I realise that the last update I gave of our progress in the PaperTigers Reading the World Challenge 2009 was just beyond the half-way point - however, the deadline was over a month ago now, at the end of July, so I thought I’d better round it off!

For our last three books we read together:

Toad Away by Morris Gleitzman (Puffin, 2004). All about a brave cane toad wanting to make friends with the human race and traveling with two cousins to the Amazon to find out the secret of their ancestors as to how to achieve this… My two loved this and laughed uproariously at the rather revolting antics that cane toads are wont to get up to. I have to admit that I would probably have encouraged them to read this one on their own if I’d realised at the outset what it was going to be like - but actually, it was good to be a part of something that so appealed to their typical-boy sense of humor…

Super Jack by Susanne Gervay, illustrated by Cathy Wilcox (Angus & Robertson, 2003). The sequel to I Am Jack, this story focuses on Jack’s relationship with his family, especially the newly-introduced son of Rob, his Mum’s boy-friend. A family holiday intended to help everyone get to know each other is certainly eventful before the desired outcome is achieved… This is to be recommended to older children who may be trying to make sense of complex family relationships in their own lives.

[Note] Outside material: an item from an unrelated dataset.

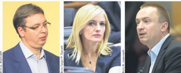
Александар Вучић тврди за „Политику“ да ниједан тајку не финансира рад напредњаци и да ова партија нема црне фондове

Tom Crean’s Rabbit: A True Story from Scott’s Last Voyage by Meredith Hooper, illustrated by Bert Kitchen (Frances Lincoln, 2005). A very special, true story which is a great way to introduce early Antarctic exploration to young children - you can read a review from Create Readers here. This had the added kudos for my children of being a story which their grandad, who spent a year in the Antarctic quite a long time ago now, did not know…

Older Brother rounded off his Book Challenge with The Patchwork Path: A Quilt Map to Freedom by Bettye Stroud and illustrated by Erin Susanne Bennet (Candlewick Press, 2005); Not so Fast Songololo by Niki Daly (Frances Lincoln, 2001); and a launch into the Asterix books by René Goscinny and Albert Uderzo.

Little Brother read: The Two-Hearted Numbat by Ambelin & Ezekiel Kwaymullina (Fremantle Press, 2008); The Shaman’s Apprentice by Lynne Cherry (also the illustrator) and Mark J. Plotkin (Voyager Books, Harcourt, 2001) (which Older Brother had also read…); and Babu’s Song by Stephanie Stuve-Bodeen and illustrated by Aaron Boyd (Lee & Low, 2003).

If you took part in this year’s Challenge, it would be great to hear from you - whether you completed it or not.

Next year may or may not follow a similar rubric - we are open to suggestions…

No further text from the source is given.